I know I already said this on FB but they remind me so much of Cadie - especially the 2nd girl.

They are so gorgeous :wub:


----------



## aprilb (Jul 9, 2010)

Carina, your girls are gorgeous!:wub: I can't believe they are 3 lbs-wow! Do you have any idea how big they will get? Beautiful pics-thanks for sharing these with us.:wub:


----------



## edelweiss (Apr 23, 2010)

I've come back again & again---just to drool!
I think puppies must change the most between 12-16 weeks!


----------



## mom2bijou (Oct 19, 2006)

Darn it. I knew I should have pocketed one of those baby girls at Pat's puppy party LOL!!!! OMG CARINA.......they are double the cuteness! PRECIOUS!!!!!!!!!!!!!!!!!!! 
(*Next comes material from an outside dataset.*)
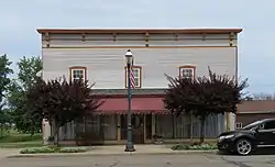 The building is a two-story, clapboarded Italianate commercial block with a false front.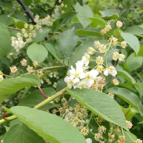 黑樱桃(学名:Cerasus maximowiczii (Rupr.) Kom.):乔木,高达7米,树皮暗灰色。小枝灰褐色,嫩枝淡褐色,密被长柔毛。冬芽长卵形,鳞片外面伏生短柔毛。叶片倒卵形或倒卵状椭圆形,上面绿色,除中脉伏生疏柔毛外,其余无毛,下面淡绿色,除中脉和侧脉上有伏生疏柔毛外,其余无毛。伞房花序,有花5-10朵,基部具绿色叶状苞片,花叶同开;花直径约1.5厘米;萼筒倒圆锥状;花瓣白色,椭圆形,长6-7毫米,宽5-6毫米;雄蕊约36枚;花柱与雄蕊近等长,柱头扩大,头状。核果卵球形,核表面有数条显著棱纹。花期6月,果期9月。

And little Codie looks like he found the perfect forever home! I'm so glad he went to a good friend of your's. You'll still be able to see him. How wonderful!


----------



## uniquelovdolce (Mar 10, 2010)

carina i saw these on fb , the girls are simply precious , what faces !! i love them .. and codie well what a cutie n looks like hes going to be spoiled silly in his new home .. i would also have a hard time decidin on which girl cause they r equally precious .


----------



## harrysmom (Sep 28, 2007)

Carina,

Those babies are soooo beautiful! Absolute little dolls. Thanks for posting these pictures and sharing all of that cuteness with us.


----------



## MoonDog (Jun 6, 2011)

Want. Them. Both. :wub:


----------



## Lacie's Mom (Oct 11, 2006)

Carina -- both girls are fabulous and the boy is cute as can be. This was a wonderful litter!!! What a way to kick off your breeding program. 

I think both of the girls with definitely be show quality. In the pictures I think the 1st girl's head is a little better, but it's so hard to judge by pictures. And, of course, you can't evaluate movement, attitude and structure through the computer. LOL

I would be happy with either one of these girls. They're FABULOUS!!!!!


----------



## socalyte (Nov 15, 2010)

Carina wouldn't take bribes-- I know, I tried, LOL. (just kidding-- sorta, LOL) But honestly they are so precious. 

And yes, ahem, ms bellaratamaltese is overdue on sharing pics of her fluffies too!


----------



## poochie2 (Jan 14, 2010)

OH they are ALL sooooooo cute :wub::wub:
Adorable baby dolls!


----------



## Maisie and Me (Mar 12, 2009)

Oh Carina, Each puppy is so unique yet equally adorable beyond belief :wub::wub::wub:.What a beautiful litter!!!!!


----------



## Johita (Jul 10, 2009)

I just love these girls - sooo beautiful and they love the camera. Codie is one lucky dude. How is he doing now? I'm sure everyone is in total love with him.


----------



## mary-anderson (Jan 12, 2010)

Your girls are beautiful!!! Every time I see pups I always want another one, but dh says no no no.:blush:


----------



## Orla (Jul 5, 2009)

Carina, can you take some stacked pics of them?
I'd love to see them


----------



## angelgirl599 (Apr 8, 2009)

Carina!!! I am so glad we're all getting to watch them grow up! They are STUNNING!!!


----------



## pammy4501 (Aug 8, 2007)

Carina, those girls are absolutely adorable! And little Code of the Wild like he will be well loved! What a nice first litter for you!! Kudos!


----------



## donnad (Aug 22, 2006)

They are so beautiful! I thought they were adorable at Pat's puppy party but now they are gorgeous!


----------



## lynda (Oct 11, 2005)

Oh Carina, They are sooooooooo beautiful. I love the pictures of them together. They look like they know exactly how to pose. What little dolls. Ok, I will take them both but don't tell anyone, especially my husband and Mary.:chili::chili::chili:


----------



## Deborah (Jan 8, 2006)

They are just beautiful.:wub:


----------



## Luna'sMom (Oct 7, 2007)

Gorgeous!!!


----------